A channel can be considered unusable when the output of a FIR filter which receives the error detection mechanism signals as an input exceeds a predetermined threshold. The FIR filter taps can be calculated using methods known in the art to detect a desired input error distribution, such as a steady-state error condition or a sudden burst of errors.
The processing power and memory requirements of implementing an FIR filter can be reduced by using a pseudo-FIR-filter. When an error indication is received, the event is stored in a bin. After receipt of an error indication, no further indications are detected until a first time period has passed, thereby providing a window of time within which further errors caused by a single burst of interference will not be detected. When an error has been stored in the bin for a time exceeding a second error window time period, the event is removed from the bin.

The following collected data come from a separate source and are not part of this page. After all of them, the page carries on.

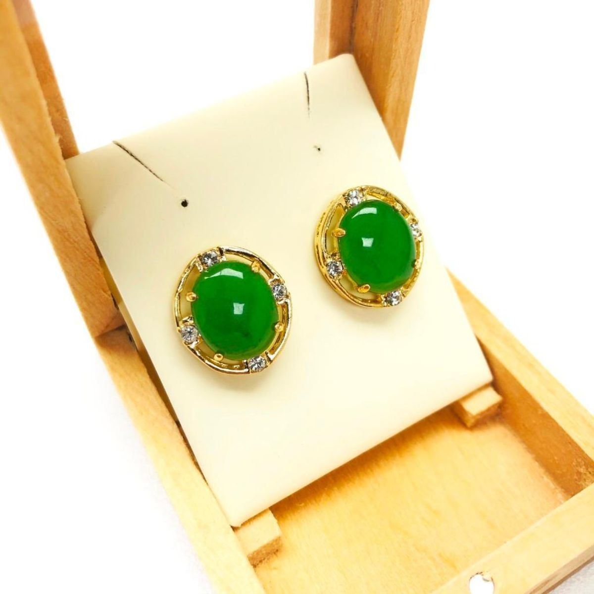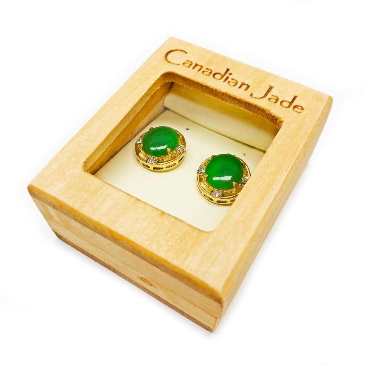 Enchanting Pair of Ladies 1.78ct Oval Cut Canadian Jade Stone in 18KT Gold Plated Mount Jade, the stone of heaven has been prized throughout history. A stone of mystical power, ancient civilizations valued jade as the most precious of all gemstones. The world's finest nephrite jade can be found in the Cassir Mountain Range in British Columbia, the Yukon and Alaska. This tough translucent Stone is challenging to carve, however will stand the test of time and its harsh elements.
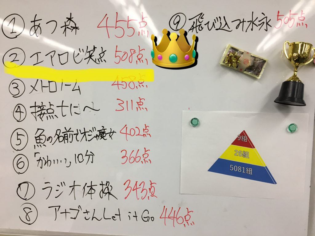 事業所内で『誰が持ち込んだ動画が印象に残ったか?』を決める“D-1グランプリ”を開催いたしました⭐ ルールはシンプルで、YouTube内の動画(10分以内)の中から動画を選んでいただき発表を行います。審査は全員で行い、見た動画に100点満点で点数をつけて、合計点数が高い方が2020年度のD-1チャンピオンとなります。 皆さんが持ち寄った動画には、 ネタ系や、アーティスト系、ゲーム実況や癒し動画…等、幅広いジャンルの動画がありました。 個性豊かな動画がたくさんあり、とても楽しいひと時を過ごせたのですが。 審査になると、かなり厳しい審査となり(笑)。 超超超辛口なコメントをされる方もいらっしゃいますし、まさかの『0点』を叩き出される方もいらっしゃいました。笑 そんなこんなでかなり現場は荒れておりましたが、 超激戦の中、チャンピオンに輝いたのは『エアロビ笑点』を持ち寄ったKさんでした!
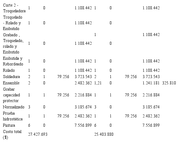 Los procesos de soldadura del cuerpo, grabar capacidad protectora del cilindro y la prueba hidrostática del cilindro requieren del segundo turno diurno, por lo cual, se necesita contratar un (1) empleado (CECDBlk) en cada uno de estas etapas productivas, los demás procesos solo requieren un turno diurno de producción. En el proceso de ensamble de cilindros la cantidad de empleados en el turno diurno corresponde a 1,21, lo que indica que el operario puede llegar a trabajar un 21% adicional de su tiempo regular de trabajo, representado en horas extras, en el marco de la legislación laboral de Colombia que permite como tiempo suplementario el 25% del tiempo regular de trabajo. Por lo cual, este proceso puede prescindir del operario adicional (CEDPDAlk) que dispone para el período de producción de estudio.
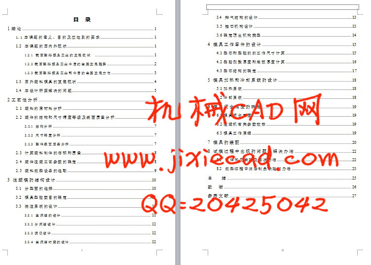 Abstract: I study the specialty is the mold design and manufacturing specialty, the graduation design is the bottle injection molding process and the mould design.The design of the design combined with the university three years of professional knowledge and CAD software, a set of plastic mold.
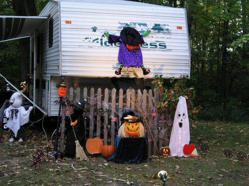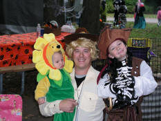 dressed for Halloween (or holding kids dressed for Halloween). |

When all slots in the bin contain error indications, the quality of communications on the channel is considered inadequate. Multiple alerts can indicate differing channel conditions by analyzing the distribution of error events over the error window time period. If the error indications are distributed somewhat evenly throughout the second time period, the channel may be deemed poor, with a corresponding indication being provided. However, if the error indications are heavily weighted toward the most recent part of the error window time period, the channel may be considered to have recently become unusable, and a different indication is provided.
The error monitor can account for the strength of the received signal in determining when channel performance becomes inadequate. A receive signal strength indication is provided to the error monitor. When receive signal strength is high, errors would be rare or nonexistent in the absence of interference. Therefore, the bin size and the error burst window time can be reduced, thereby increasing the sensitivity of the monitor to errors. On the other hand, when the received signal strength is low, more errors are expected, and it may be desirable to increase the error threshold before a frequency channel change is performed. Therefore, when the received signal strength is low, the bin size and error burst window time can be increased.